The Minister of State for Road Transport and Highways, Shipping and Chemicals and Fertilizers, Mr Mansukh Mandaviya, has stressed that the promotion of coastal shipping is the topmost priority of the Ministry of Shipping. The government wants to increase the share of freight transport through coastal route from 7 per cent at present to 10 per cent by 2020, which will result in a saving of Rs 20-25 billion.


Speaking about the Sagarmala programme, the Minister said, after inaugurating an event here, that the main focus of Sagarmala was port-led development, to reduce logistics cost and enhance last-mile connectivity. Under this programme, more than 600 infrastructure projects with an investment of approximately Rs 8.78 lakh crore have been identified, of which 89 projects worth Rs 14,000 crore have been completed and 436 projects worth Rs 4.18 lakh crore were under various stages of implementation. He added that after completion of these projects, logistics cost is expected to reduce by Rs 30,000-40,000 crore, also creating 1 crore jobs, including 40 lakh direct jobs in the process.


Mr Mandaviya said that the Ministry is working on developing 14 Coastal Economic Zones (CEZs), which will provide huge employment opportunities in coastal areas and will lead to the port-led development of such regions. Once operational, the CEZs will bring employment opportunities and economic upliftment of the people in coastal regions.


Speaking about the India-Bangladesh agreement for use of Chittagong and Mongla ports for cross-border movement of goods, the Minister said it would be a game-changer for eastern India. It will open new routes for cargo movements to Central Asia and Europe and will promote cooperation between the two countries in the economic, social and cultural fields. He also pointed out that the development of Chabahar port in Iran will provide a direct route to Afghanistan, bypassing Pakistan.


Mr Mandaviya stressed that there is huge scope for development of ship repair facilities in the country. The potential ship repair market in India is estimated to be in the range of Rs 2,600-2,800 crore, assuming that all Indian fleet will be repaired in India, he said.
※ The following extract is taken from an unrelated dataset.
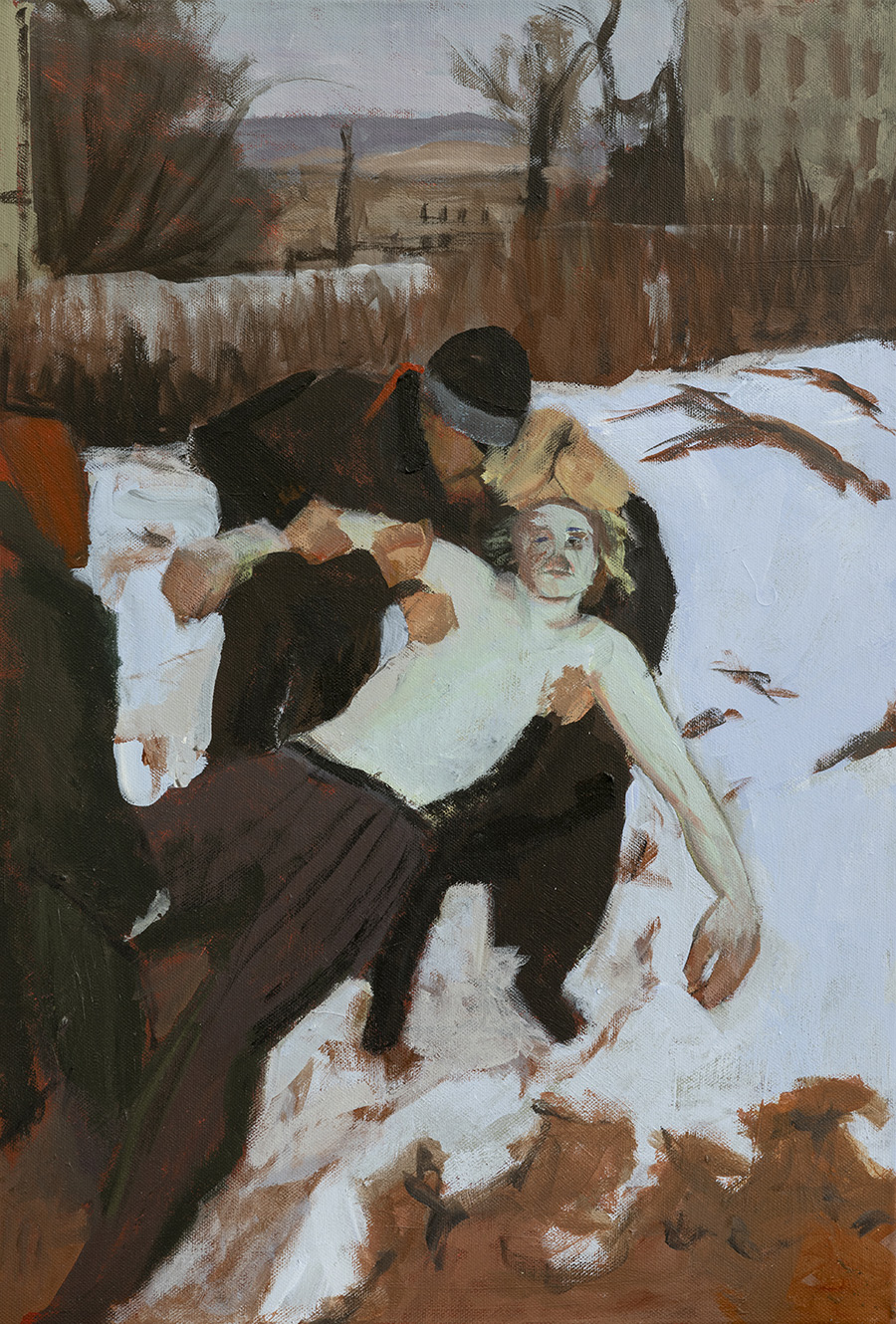 בציור אחר, "חורף עגום" ההתמקדות היא בשתי דמויות, ובעיקר בדמות הגבר המעלה בדעתי ציורי הורדה מן הצלב (ואולי זה הדימיון הפרוע שלי?). יש לציין שבציורים אלה כבשאר העבודות בתערוכה, כל עבודה שונה מרעותה; חלקן נוטות לפיגורציה ויש עבודות בהן הדמויות הן על גבול ההפשטה.

He added that the MoU between Cochin Shipyard and Mumbai Port Trust for operation, maintenance and development of the ship repair facility at Indira Dock would provide a professional ship repair ecosystem that would be beneficial for the commercial as well as defence ship repair industry in India. Cochin Shipyard is in the process of developing ship repair facilities in joint venture with HDPEL on the east coast and with Mumbai Port on the west coast, he said.


In order to strengthen the shipbuilding industry, the government has given infrastructure status to the yards to make them legible for financial assistance at reasonable rates. The government has introduced a Rs 4,000-crore Financial Assistance Policy (FAP) for shipyards for 10 years, for contracts secured between April 1, 2016 and March 31, 2026, he highlighted, as per a release.